Revision Exercise: Uppercase

Download uppercase.c here, or copy it to your CSE account using the following command: 
cp -n /web/cs1511/19T1/activities/uppercase/uppercase.c .
Your task is to add code to this function in uppercase.c: 
int uppercase(int c) {
    // PUT YOUR CODE HERE

    return 0; // change to your return value
}
The function uppercase takes in a character, c and if it is an uppercase letter, converts it to uppercase and returns that value. All other input values should be returned unchanged.

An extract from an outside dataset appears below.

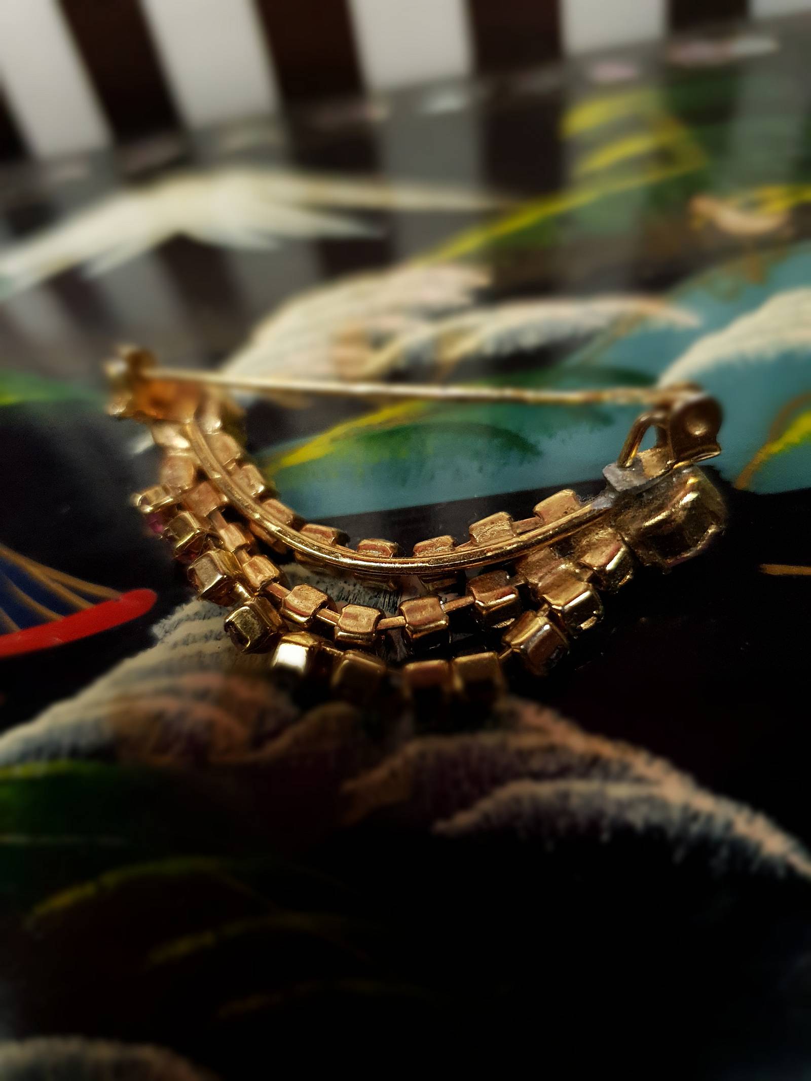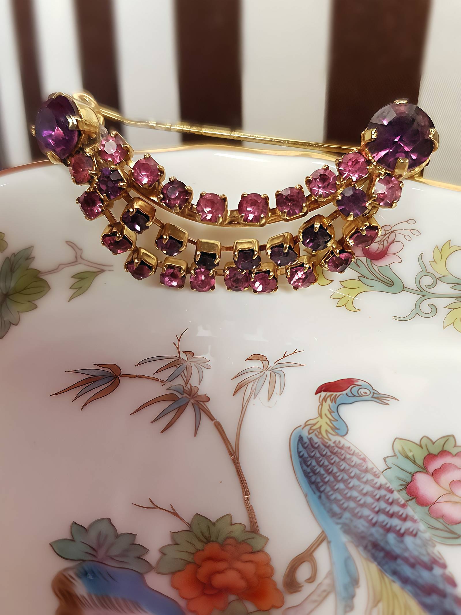 This vintage 50s rhinestone brooch features a gorgeous design of pink and purple glass prong-set rhinestones cascading in three tiers. Crafted in gold-tone metal, the last two rows are articulated, adding dimension and movement to this eye-catching piece.

Here is how uppercase.c should behave after you add the correct code to the function uppercase: 

dcc uppercase.c -o uppercase
./uppercase
abc
ABC
ABCabc123
ABCABC123
123!@#
123!@#

When you think your program is working you can use autotest to run some simple automated tests: 

1511 autotest uppercase
Sample solution for uppercase.c 
// alex linker 2017-08-17
// main function for uppercase activity

#include <stdio.h>

int uppercase(int c);

int main(int argc, char *argv[]) {

    // get the character
    int c = getchar();

    // loop until end of characters
    while (c != EOF) {
        // print the character in uppercase
        putchar(uppercase(c));

        //get the next character
        c = getchar();
    }

    return 0;
}

int uppercase(int c) {
    if (c >= 'a' && c <= 'z') {
        return c - 'a' + 'A';
    } else {
        return c;
    }
}

Revision Exercise: Rotate One

Download rotate_one.c here, or copy it to your CSE account using the following command: 
cp -n /web/cs1511/19T1/activities/rotate_one/rotate_one.c .
Your task is to add code to this function in rotate_one.c: 
// "Rotate" the letter by one, i.e. change 'a' to 'b', 'b' to 'c',
// 'z' to 'a'.
int rotateOne(int c) {
    // Your code goes here!
    // Don't forget to return your result.
    return 0;
}
The rotate_one function should "rotate" a letter through the alphabet by one position.

This means that if the input is 'a', the output should be 'b'. 'z' becomes 'a' and 'Z' becomes 'A'.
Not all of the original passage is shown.